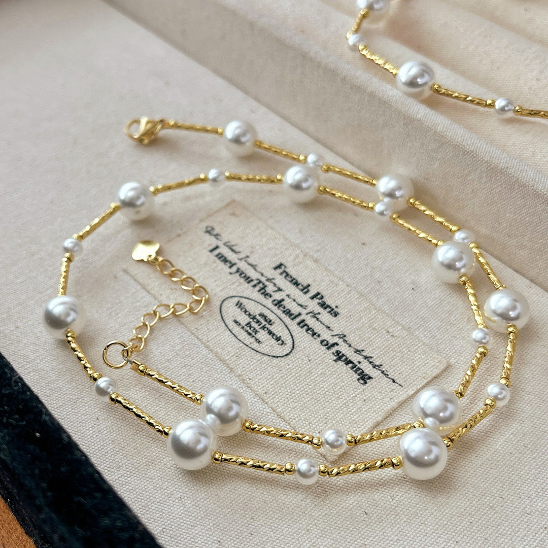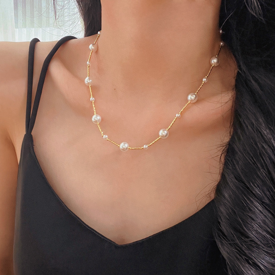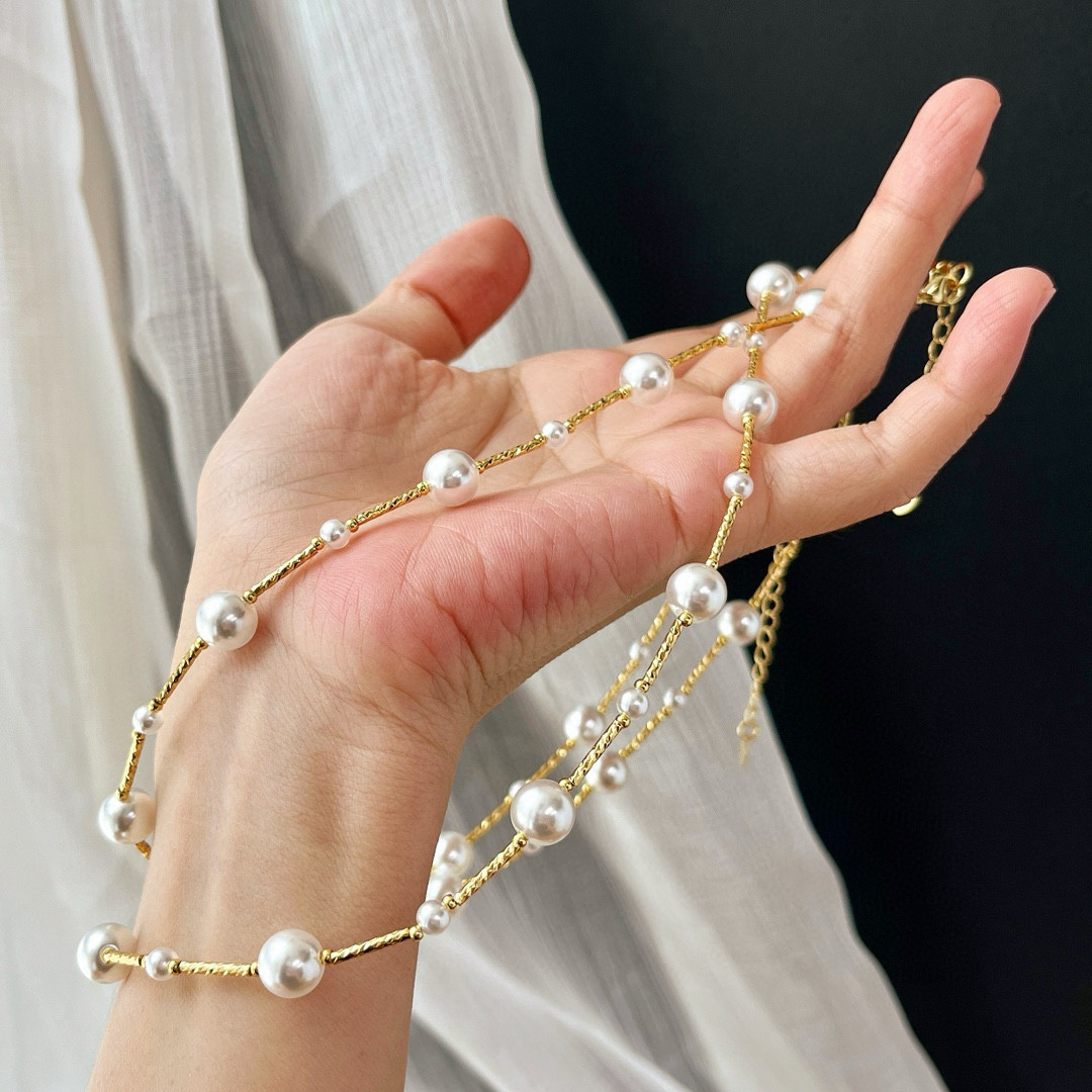 繁星点点法式竹节施家珍珠项链满天星冷淡轻奢高级锁骨链日韩时尚
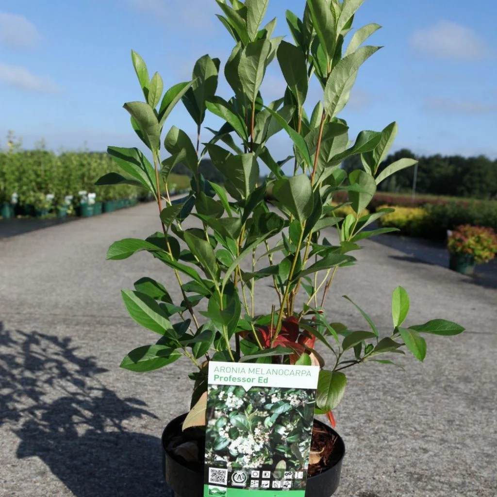 L’Aronia melanocarpa ‘Professor Ed’ appelé autrement aronie à fruits noirs, est une variété compacte convenant mieux aux jardins de petite superficie. C’est un arbuste polyvalent, donnant de jolis corymbes de petites fleurs mellifères, parfumées, blanc pur en mai-juin suivies de baies abondantes de 1 cm de diamètre d’un violet virant au noir brillant à maturité et au goût léger de cassis, très nutritives, astringentes, comestibles sous forme de confitures, gelées ou tartes. Suspendues aux pétioles fins et rouges, elles attirent aussi les oiseaux qui en raffolent. Son feuillage ovale, vert lustré prend des belles teintes rouge orangé en automne avant de tomber au sol. Originaire des zones humides du nord-est des États-Unis, il préfère les sols drainés, fertiles, neutres à acides, frais, au soleil ou à mi-ombre. C’est un arbuste simple à cultiver qui mérite une place en haie libre ou en haie fruitière.
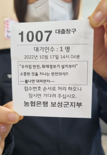 보성소방서(서장 김석운)는 주택 화재발생 시 인명피해를 줄이기 위해 은행 대기번호표를 이용한 화재경보기 설치...
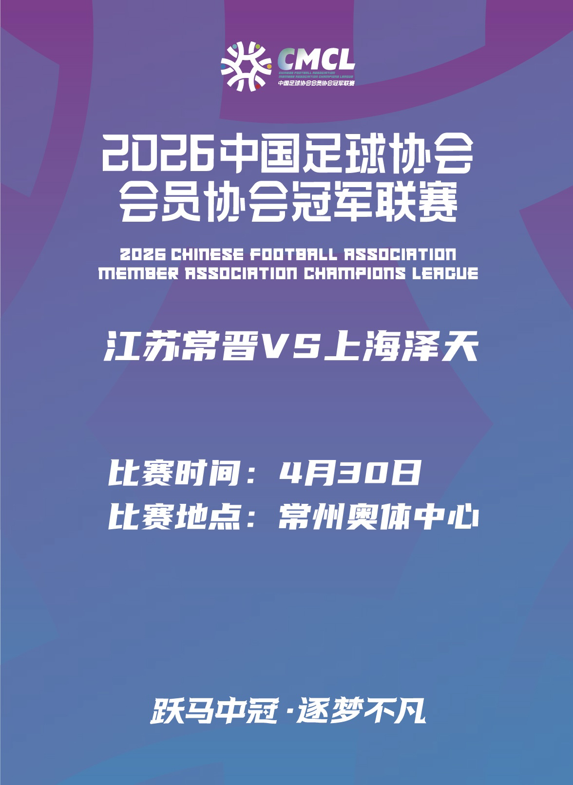 2026中国足球协会会员协会冠军联赛常州赛区迎来关键对决,为满足球迷观赛需求、提升现场体验,经组委会协调,大区排位赛最后一轮焦点战——江苏常晋对阵上海泽天的比赛,正式移师常州奥林匹克体育中心进行。

TASK TO CARRY OUT: Reproduce the data above in full, exactly, with the images removed.

EXERCISE RESPONSE:
 繁星点点法式竹节施家珍珠项链满天星冷淡轻奢高级锁骨链日韩时尚
 L’Aronia melanocarpa ‘Professor Ed’ appelé autrement aronie à fruits noirs, est une variété compacte convenant mieux aux jardins de petite superficie. C’est un arbuste polyvalent, donnant de jolis corymbes de petites fleurs mellifères, parfumées, blanc pur en mai-juin suivies de baies abondantes de 1 cm de diamètre d’un violet virant au noir brillant à maturité et au goût léger de cassis, très nutritives, astringentes, comestibles sous forme de confitures, gelées ou tartes. Suspendues aux pétioles fins et rouges, elles attirent aussi les oiseaux qui en raffolent. Son feuillage ovale, vert lustré prend des belles teintes rouge orangé en automne avant de tomber au sol. Originaire des zones humides du nord-est des États-Unis, il préfère les sols drainés, fertiles, neutres à acides, frais, au soleil ou à mi-ombre. C’est un arbuste simple à cultiver qui mérite une place en haie libre ou en haie fruitière.
 보성소방서(서장 김석운)는 주택 화재발생 시 인명피해를 줄이기 위해 은행 대기번호표를 이용한 화재경보기 설치...
 2026中国足球协会会员协会冠军联赛常州赛区迎来关键对决,为满足球迷观赛需求、提升现场体验,经组委会协调,大区排位赛最后一轮焦点战——江苏常晋对阵上海泽天的比赛,正式移师常州奥林匹克体育中心进行。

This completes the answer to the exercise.